To evaluate the comparative efficacy and tolerability of naratriptan in the treatment of acute attacks of migraine.

Meta-analysis of randomised controlled trials using a random effects model.

A total of 4499 patients suffering from moderate or severe attacks of acute migraine reported in ten trials.

Response rate ratios for headache relief, pain-free response and sustained relief (4-24 hours). Adverse events were estimated with the rate ratio (RR), risk difference and number needed to harm.

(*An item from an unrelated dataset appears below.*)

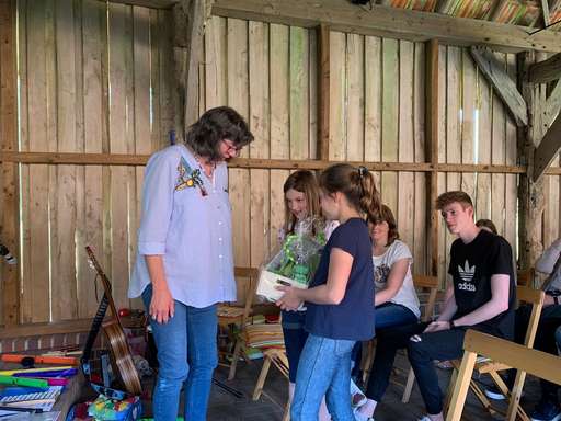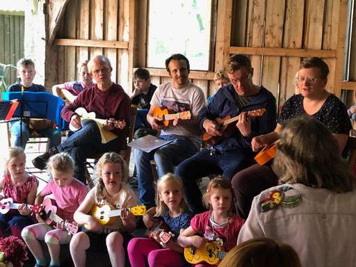 Andrea Jaspers-Egbers organisierte vor der Sommerpause ein Konzert an der Herrenmühle. Neben der Ukulelengruppe mit Bewohnern der Wohnanlage St. Josef hatten auch drei Kindergitarrengruppen und eine Kinderukulengruppe dort ihren Auftritt. Gemeinsam verzauberten die Musiker mit ihren breitgefächerten Darbietungen von „Bruder Jakob“, „Der Kuckuck und der Esel“, „Wir spielen Ukulele“ bis hin zu Nena´s „99 Luftballons“ und „Das Kompliment“ von den Sportfreunden Stiller das Publikum. Die Gäste waren begeistert und spendeten tosenden Beifall. Zum Abschluss bedankten sich alle Gruppen mit einem Präsentkorb bei Frau Jaspers-Egbers für ihr ehrenamtliches Engagement.

Pooled RRs relative to placebo for pain-free response at 2 and 4 hours for naratriptan 2.5 mg were 2.52 (95% CI: 1.78-3.57) and 2.58 (1.99-3.35). Naratriptan 2.5 mg was more effective than naratriptan 1 mg; the corresponding RRs for pain-free response at 2 and 4 hours were 1.54 (95% CI: 1.28-1.86) and 1.35 (1.20-1.51). In contrast, naratriptan 2.5 mg was less effective in pain-free response than either rizatriptan 10 mg at 4 hours (RR: 0.68; 95% CI: 0.55-0.85) or sumatriptan 100 mg at 4 hours (RR: 0.79; 95% CI: 0.67-0.93). However, significantly fewer patients experienced adverse effects with naratriptan 2.5 mg than with rizatriptan 10 mg (RR: 0.73; 95% CI: 0.56-0.97) or sumatriptan 100 mg (RR: 0.68; 95% CI: 0.55-0.86).

Naratriptan is an effective and well-tolerated treatment for acute attacks of migraine. Head-to-head comparisons suggest that naratriptan 2.5 mg is significantly more effective than the 1 mg dose. Rizatriptan 10 mg and sumatriptan 100 mg were superior to naratriptan in terms of headache relief, while zolmitriptan 2.5 mg seemed to have comparable efficacy. Randomised controlled trials have shown that at licensed doses (1 and 2.5 mg), naratriptan is associated with a lower incidence of adverse effects than rizatriptan, sumatriptan and zolmitriptan. The incidence rates of adverse effects were similar to placebo.